AIM OF THE EXERCISE →
Hand back all records exactly, pictures omitted.

EXERCISE INPUT →
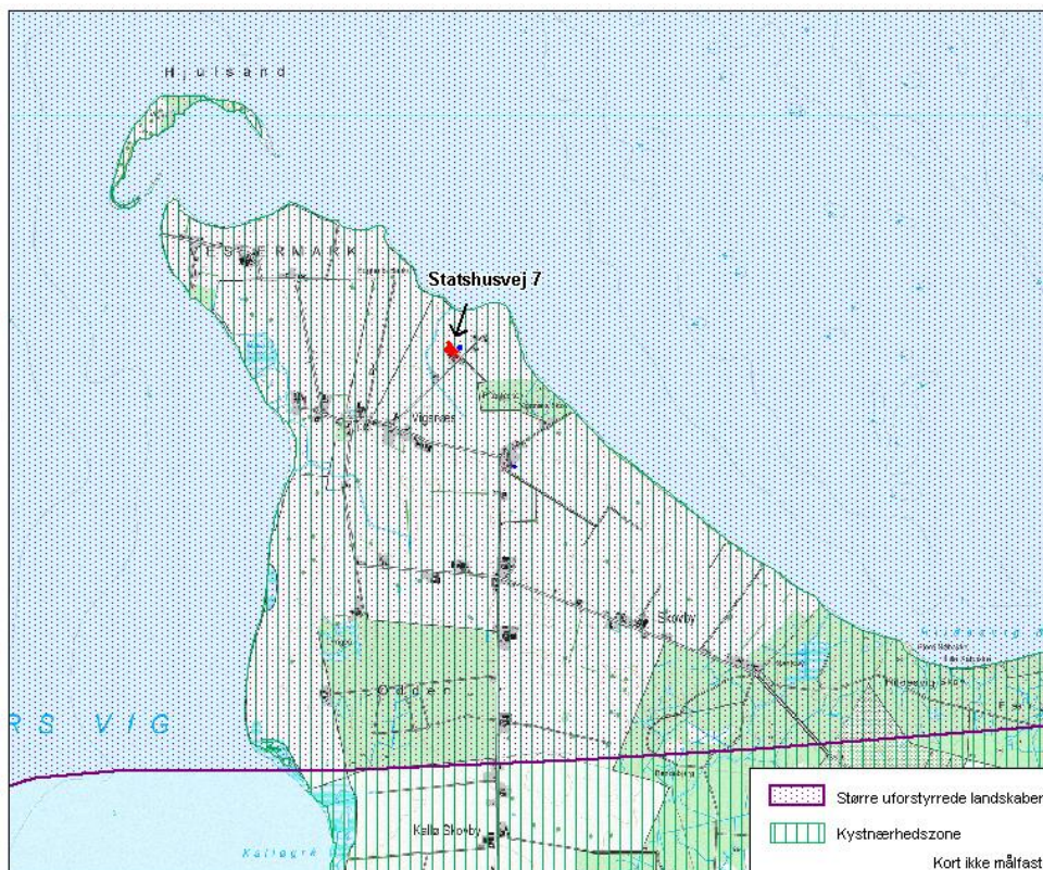
Kort 1. Placering af ejendommen på Statshusvej 7 i forhold til Kystnærhedszone og Større uforstyrrede landskaber.

Derudover er den sydøstligste del af ejendommen, og hvor den nye gyllebeholder skal etableres beliggende indenfor skovbyggelinjen, og de nye stalde og gyllebeholder er beliggende indenfor strandbeskyttelseslinjen.
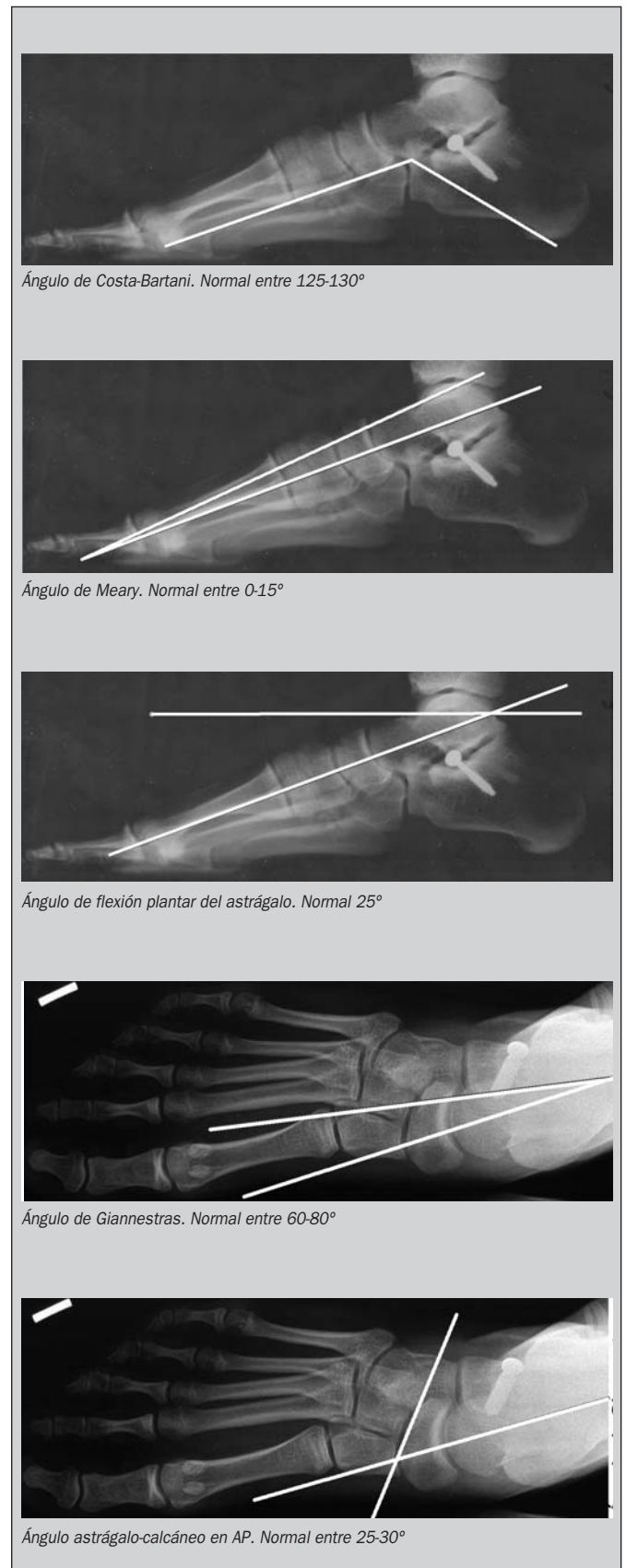
Figura 1. Esquema de las mediciones radiológicas

Parece que existe cierto acuerdo en la actualidad en no tratar un pie plano flexible asintomático, ya que tras el crecimiento existe un 95% de probabilidades de que el pie sea funcional-
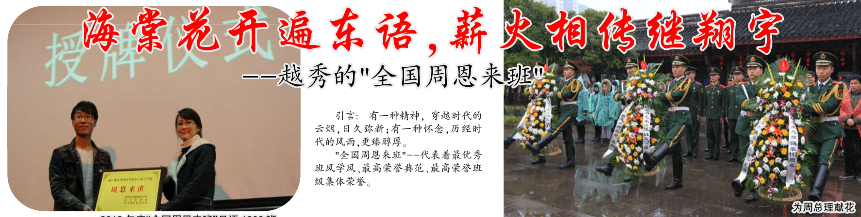
2013年度“全国周恩来班”日语1209班
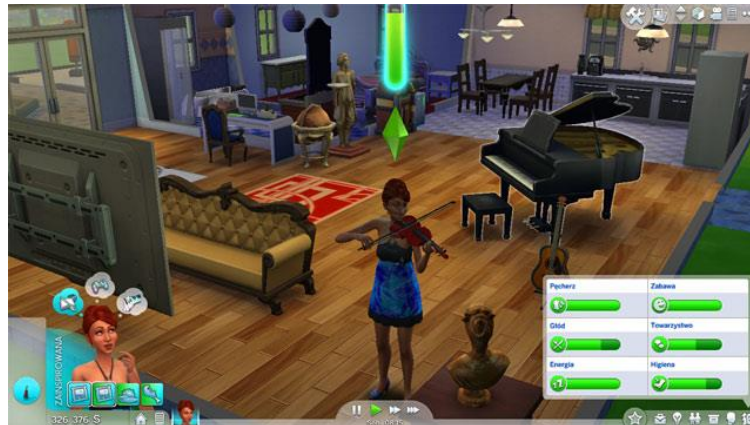
Slika 13. Igra The Sims, izvor: Gamepressure, preuzeto s https://guides.gamepressure.com/thesims4/guide.asp?ID=27383 (12.6.2019.)

U igrama simulacija kao što već i naziv govori simulira se određeni aspekt stvarnoga života pa tako postoji simulacija apsolutno svega, od simulacija života, simulacija vožnje kamiona, auta ili aviona, simulacija sastavljanja računala ili pljačkanja kuća po susjedstvu. Najpoznatiji serijali ovog tipa igara su The Sims serijali, Euro Truck Simulator, SimCity, Thief simulator, PC building simulator i dr.
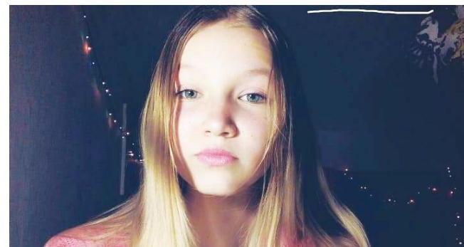
ОЛІ БАЛЬШАНЕК ПОТРІБНА ДОПОМОГА
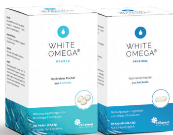
WHITE OMEGA ® PEARLZ / ORIGINAL Für das Herz, Hirn und die Augen 180 Perlen: PZN 14178753 PEARLZ 60 Kapseln: PZN 14178747 ORIGINAL
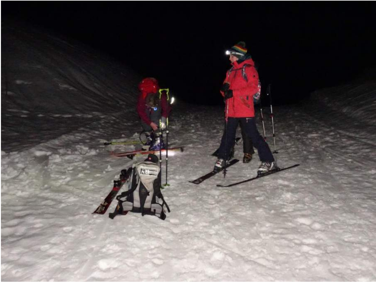
Bereitmachen zur Abfahrt
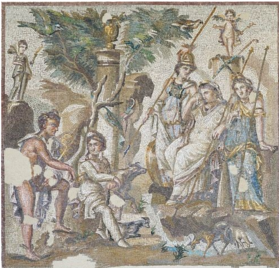
Jugement de Pâris

Éris qui est accompagnée d'Éros, le jour de son irruption au mariage forcé de Thétis avec Pelée, incite le choix d'Aphrodite justement à Pâris, c'est-à-dire l'amour sincère.
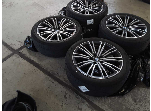
Beschädigung #2: 2.Radsatz: 2 Reifen (Seitlich abgefahren) - verschlissen - erneuern
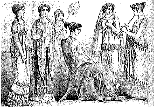
La chiton de la Grèce antique

⇒ Dans les cases ci-dessous reporter le nom des vêtements correspondant aux images.
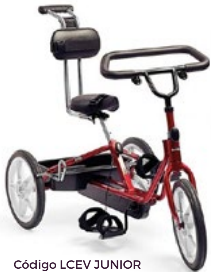
Código LCEV JUNIOR
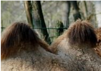
KÉT PÚPÚ TEVE

5. Négy, a Miskolci Állatkertben is élő állat egy-egy részletét látod. Kettő vízközelben él, a másik kettő viszont távoli sivatagokban, és hosszú ideig kibírják víz nélkül. Felismered őket egy-egy testrészük alapján? (4 pont)
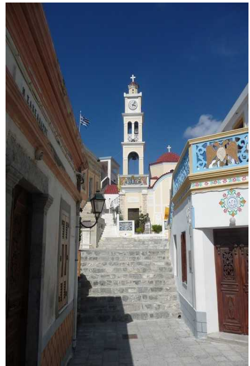
Den største kirken i byen, Jomfru Maria-kirken.
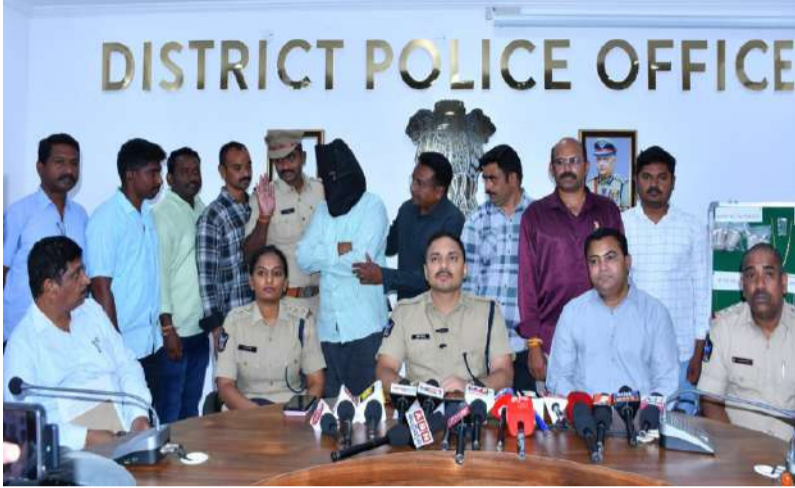
15 లక్షల విలువచేసిన బంగారు వెండి నాణాలతో పాటు నగదు స్వాధీనం.
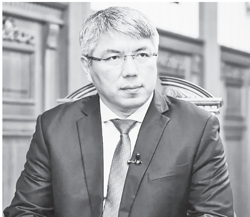
ПРЕСС-СЛУЖБА ПРАВИТЕЛЬСТВА РБ.

— Уже 15 марта начнется голосование на выборах президента России. Каждый из нас получил исторический шанс определить дальнейший путь нашей страны. Именно мы, граждане Российской Федерации, несем ответственность за то, какой будет наша Родина. Отказаться от голосования — значит помочь врагам, которые не оставляют попыток развалить нашу страну.
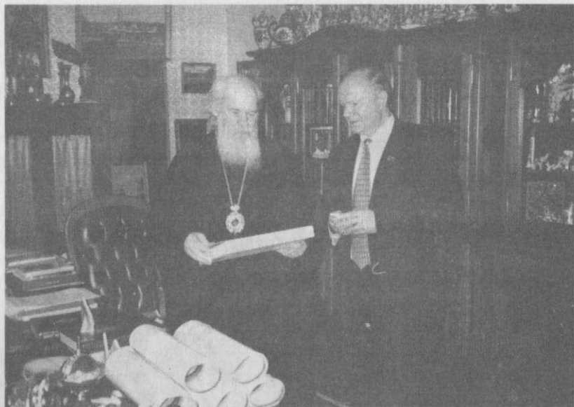
В резиденции у патриарха Московского и всея Руси Алексия II.
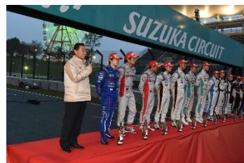
シーズンエンドセレモニー(イメージ)
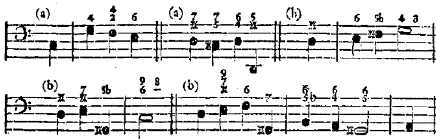
Figura No. 3. Ensayo sobre la verdadera manera de tocar el teclado.
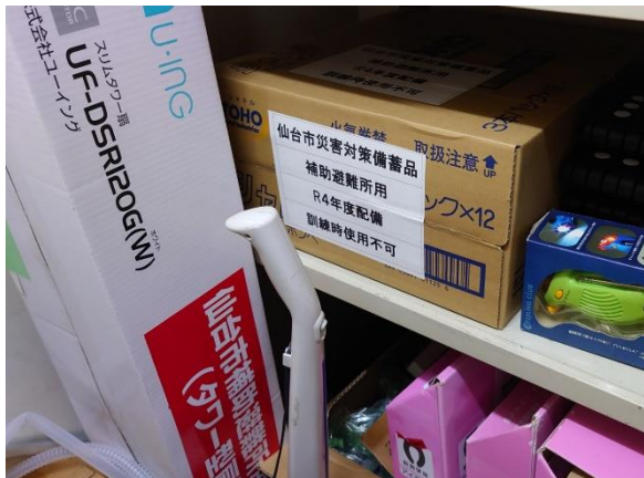
宮城野区（生涯学習支援センター） 「備蓄品」
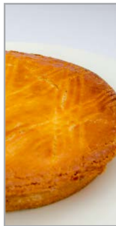
Gâteau Basque crème ou cerise

pâte sablée confiture cerise et cerises entières ou crème aux amandes
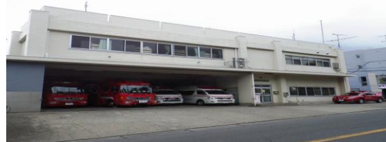
ならしのだい (習志野台3-18-23)
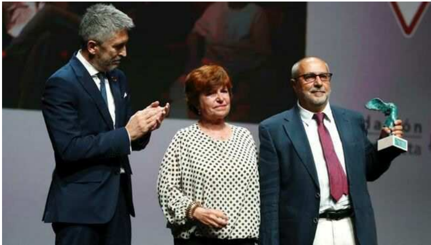
Marlaska recuerda que la responsabilidad de la seguridad vial es de todos

El ministro del Interior en funciones, Fernando Grande Marlaska, ha recordado hoy que la responsabilidad de la seguridad vial es compartida y no solo está en manos de la administración, que "no hace dejación de sus funciones", sino de toda la sociedad.
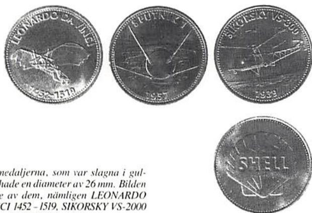
De 20 medaljerna, som var slagna i gulmetall, hade en diameter av 26 mm. Bilden visar tre av dem, nämligen LEONARDO DA VINCI 1452-1519, SIKORSKY VS-300 1939 och SPUTNIK 1 1957.

Bilisternas samlarintresse var väl emellertid ganska kortvarigt och kanske att jämföra med den period i skolan, då vi väl alla lidelsefullt men kortvarigt samlat frimärken, bokmärken, biobiljetter, idrottsstjärnor eller filmidoler. När Shells kampanj blåstes av, så föll medaljerna i glömska. De flesta har väl kastats bort, och idag hör man knappast talas om någon, som har en komplett samling. "Lätt fångat – lätt förgånget" är tyvärr det öde, som oftast drabbar efemära samlarobjekt.
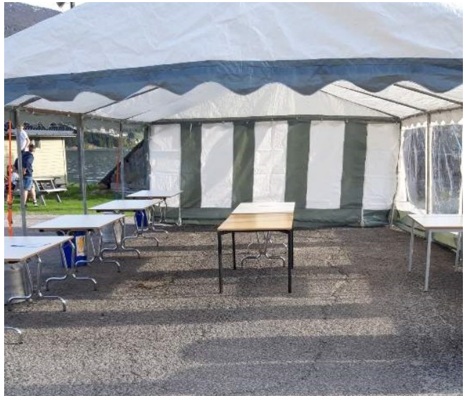
Oppsett kiosk ute
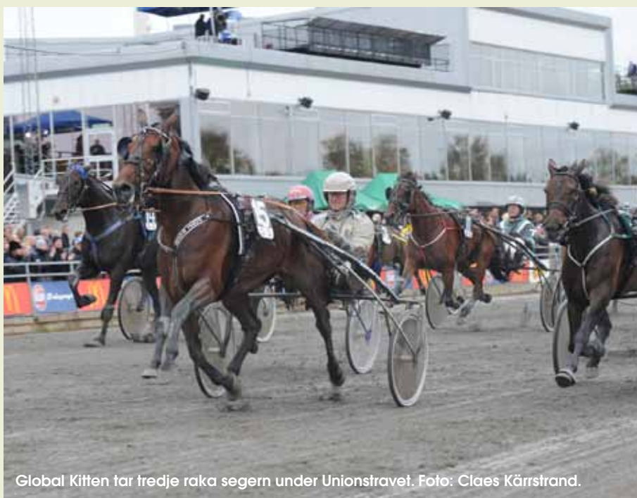
Global Kitten tar tredje raka segern under Unionstravet.

- Vi hade ett jäkla flyt när de flesta gick ner invändigt och jag
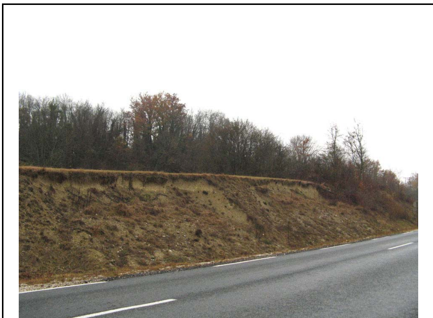
Versonnex-EG1 : RD910, au dessus des Vernays – Affaissement de talus routier après élargissement de la route.
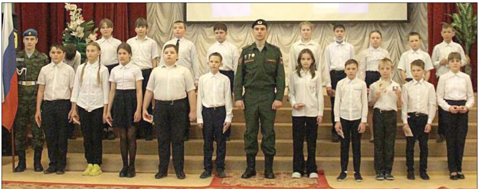
• Вступление в ряды юнармейцев – запоминающееся событие для юных аромашевцев.

ANSWER BELOW →
Kort 1. Placering af ejendommen på Statshusvej 7 i forhold til Kystnærhedszone og Større uforstyrrede landskaber.

Derudover er den sydøstligste del af ejendommen, og hvor den nye gyllebeholder skal etableres beliggende indenfor skovbyggelinjen, og de nye stalde og gyllebeholder er beliggende indenfor strandbeskyttelseslinjen.
Figura 1. Esquema de las mediciones radiológicas

Parece que existe cierto acuerdo en la actualidad en no tratar un pie plano flexible asintomático, ya que tras el crecimiento existe un 95% de probabilidades de que el pie sea funcional-
2013年度“全国周恩来班”日语1209班
Slika 13. Igra The Sims, izvor: Gamepressure, preuzeto s https://guides.gamepressure.com/thesims4/guide.asp?ID=27383 (12.6.2019.)

U igrama simulacija kao što već i naziv govori simulira se određeni aspekt stvarnoga života pa tako postoji simulacija apsolutno svega, od simulacija života, simulacija vožnje kamiona, auta ili aviona, simulacija sastavljanja računala ili pljačkanja kuća po susjedstvu. Najpoznatiji serijali ovog tipa igara su The Sims serijali, Euro Truck Simulator, SimCity, Thief simulator, PC building simulator i dr.
ОЛІ БАЛЬШАНЕК ПОТРІБНА ДОПОМОГА
WHITE OMEGA ® PEARLZ / ORIGINAL Für das Herz, Hirn und die Augen 180 Perlen: PZN 14178753 PEARLZ 60 Kapseln: PZN 14178747 ORIGINAL
Bereitmachen zur Abfahrt
Jugement de Pâris

Éris qui est accompagnée d'Éros, le jour de son irruption au mariage forcé de Thétis avec Pelée, incite le choix d'Aphrodite justement à Pâris, c'est-à-dire l'amour sincère.
Beschädigung #2: 2.Radsatz: 2 Reifen (Seitlich abgefahren) - verschlissen - erneuern
La chiton de la Grèce antique

⇒ Dans les cases ci-dessous reporter le nom des vêtements correspondant aux images.
Código LCEV JUNIOR
KÉT PÚPÚ TEVE

5. Négy, a Miskolci Állatkertben is élő állat egy-egy részletét látod. Kettő vízközelben él, a másik kettő viszont távoli sivatagokban, és hosszú ideig kibírják víz nélkül. Felismered őket egy-egy testrészük alapján? (4 pont)
Den største kirken i byen, Jomfru Maria-kirken.
15 లక్షల విలువచేసిన బంగారు వెండి నాణాలతో పాటు నగదు స్వాధీనం.
ПРЕСС-СЛУЖБА ПРАВИТЕЛЬСТВА РБ.

— Уже 15 марта начнется голосование на выборах президента России. Каждый из нас получил исторический шанс определить дальнейший путь нашей страны. Именно мы, граждане Российской Федерации, несем ответственность за то, какой будет наша Родина. Отказаться от голосования — значит помочь врагам, которые не оставляют попыток развалить нашу страну.
В резиденции у патриарха Московского и всея Руси Алексия II.
シーズンエンドセレモニー(イメージ)
Figura No. 3. Ensayo sobre la verdadera manera de tocar el teclado.
宮城野区（生涯学習支援センター） 「備蓄品」
Gâteau Basque crème ou cerise

pâte sablée confiture cerise et cerises entières ou crème aux amandes
ならしのだい (習志野台3-18-23)
Marlaska recuerda que la responsabilidad de la seguridad vial es de todos

El ministro del Interior en funciones, Fernando Grande Marlaska, ha recordado hoy que la responsabilidad de la seguridad vial es compartida y no solo está en manos de la administración, que "no hace dejación de sus funciones", sino de toda la sociedad.
De 20 medaljerna, som var slagna i gulmetall, hade en diameter av 26 mm. Bilden visar tre av dem, nämligen LEONARDO DA VINCI 1452-1519, SIKORSKY VS-300 1939 och SPUTNIK 1 1957.

Bilisternas samlarintresse var väl emellertid ganska kortvarigt och kanske att jämföra med den period i skolan, då vi väl alla lidelsefullt men kortvarigt samlat frimärken, bokmärken, biobiljetter, idrottsstjärnor eller filmidoler. När Shells kampanj blåstes av, så föll medaljerna i glömska. De flesta har väl kastats bort, och idag hör man knappast talas om någon, som har en komplett samling. "Lätt fångat – lätt förgånget" är tyvärr det öde, som oftast drabbar efemära samlarobjekt.
Oppsett kiosk ute
Global Kitten tar tredje raka segern under Unionstravet.

- Vi hade ett jäkla flyt när de flesta gick ner invändigt och jag
Versonnex-EG1 : RD910, au dessus des Vernays – Affaissement de talus routier après élargissement de la route.
• Вступление в ряды юнармейцев – запоминающееся событие для юных аромашевцев.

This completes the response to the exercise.